Addressing Antimicrobial Resistance in the Digital Age: The Role of Artificial Intelligence in Improving Global Health Outcomes for Low- and Middle-Income Countries

Addressing Antimicrobial Resistance in the Digital Age: The Role of Artificial Intelligence in Improving Global Health Outcomes for Low- and Middle-Income Countries

Introduction

Humanity often views itself as the top species, capable of building cities, splitting atoms, taming wild beasts, and bending nature to its will. However, the continued survival of modern civilisation rests on an increasingly fragile foundation: our ability to control pathogenic microorganisms. That foundation is now under threat. Antimicrobial Resistance (AMR) is accelerating globally, eroding decades of medical progress and threatening health systems, especially in low- and middle-income countries (LMICs), with a possibility of a post-antibiotic era.

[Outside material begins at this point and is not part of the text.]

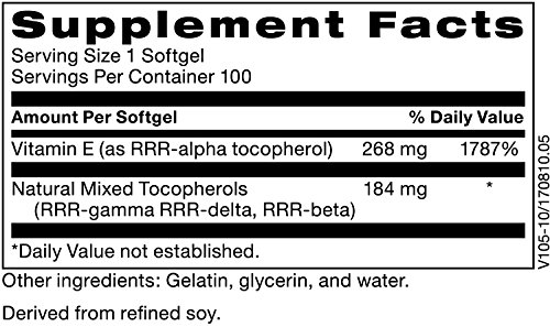 Natural vitamin E high in gamma-tocopherol. Vitamin E is important for tissue repair, circulation and blood clotting, healthy nerves and muscles, and proper functioning of all major organ systems.* It can also inhibit oxidation of lipids and formation of free-radicals.* Pure-E is a natural, balanced, potent vitamin E supplement containing d-alpha tocopherol and mixed tocopherols derived from highly refined soy oil that has had soy protein (the allergenic component) removed. Each softgel provides approximately 195 mg of gamma-tocopherol, 78 mg delta-tocopherol, and 6 mg of betatocopherol. This supplement has been specifically formulated to be highly bioavailable and hypoallergenic.* A legacy built on purity: Since 1969, the Klaire Labs name has been trusted to deliver clean formulations suitable for even the most sensitive individuals. Klaire Labs was among the first to provide pharmaceutical grade active ingredients formulated to minimize allergens, artificial additives, fillers, and flow agents.Feature

The implications of this crisis are not abstract. Last year, I witnessed a patient in a General Hospital succumb to complications from an infected wound despite receiving multiple courses of antibiotics. His case exemplifies a global trend: bacteria are evolving resistance at a faster rate than new treatments emerge. The above phenomenon is no isolated incident; AMR caused an estimated 1.27 million deaths in 2019, exceeding the mortality from HIV/AIDS or malaria in the same year. If current trends continue, projections suggest that AMR could contribute to 10 million deaths annually by 2050. This would lead to a world where routine surgeries and even minor injuries become risky.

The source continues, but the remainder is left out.